The proposed merger is seen by analysts and observers as an overall positive for the two companies should it go ahead – but opinions divide on how it would be seen by Australia’s competition regulator, the Australian Competition and Consumer Commission.

“The biggest issue facing a merger is likely to be the ACCC, which will be concerned about the concentration of ownership and absence of competition in the three key Eastern state markets. NSW will be a particular issue,” said David Green, an Australian gaming industry veteran. The problem wouldn’t be present in Victoria, due to Crown’s monopoly license.

Indeed, the ACCC chairman, Rod Sims on Monday told local media he would conduct a public review of the merger proposal.

“We will do a detailed investigation. It will be a public review,” said Sims. “It’s very early days. But we would look at the market for domestic table game customers,” he said. “We would look at the competition between Barangaroo and Star in Sydney. We would also look at the extent to which there is intercity competition for customers.”

Sims was referring mainly to NSW, The Star’s flagship property, which would likely share a portion of its customers with the newly opened Crown Barangaroo (though the casino is yet to open).

But The Star CEO Matt Bekier said he’s had informal soundings with ACCC in the past and is confident that the deal will be allowed to push on through.

It’s very early days. But we would look at the market for domestic table game customers.

The optimism is shared by CLSA analyst Anthony Longo, who said: “With most Australian casinos servicing the “locals” market, we see the limited threat of the ACCC blocking the transaction, and this view is shared by Star from its initial discussions with the body.”

JP Morgan’s Don Carducci said he saw no risks for Star receiving formal merger approval from the ACCC, as previous talks did not throw up any red flags at the time.

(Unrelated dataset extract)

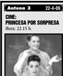
Anne Hathaway y Julie Andrews protagonizan esta divertida comedia de Walt Disney.
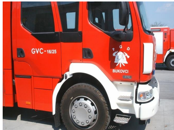
Primer taktične oznake: GV - 1

He even expects the company to be able to receive approval quicker than other parties.

Kevin Clayton, former chief marketing officer of Galaxy Entertainment Group and now independent consultant said it would be short-sighted for regulators to see the merger of the two companies as monopolistic.

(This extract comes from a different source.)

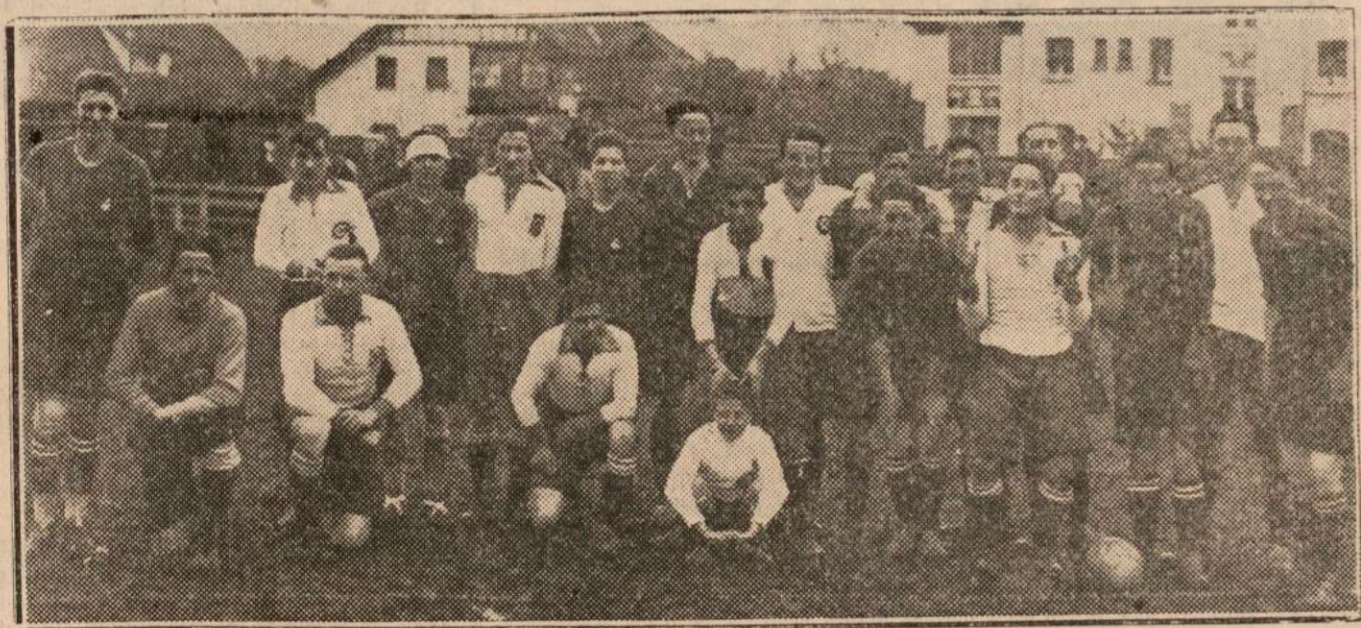
Los equipos de Aoz y de Lumberri que el domingo jugaron en San Juan un interesante partido.

“Australia regulators must grasp the opportunity and look beyond Australian shores into Asia and further afield. If the regulator is myopic and views a coming together of The Star and Crown Resorts as monopolistic, then it doesn’t truly understand how and why Australia must compete in the Asia region for tourism and gaming spend.”

The pairing could also be seen by regulators as a better alternative to foreign suitors, by keeping ownership of the Australian gaming company within the country’s borders.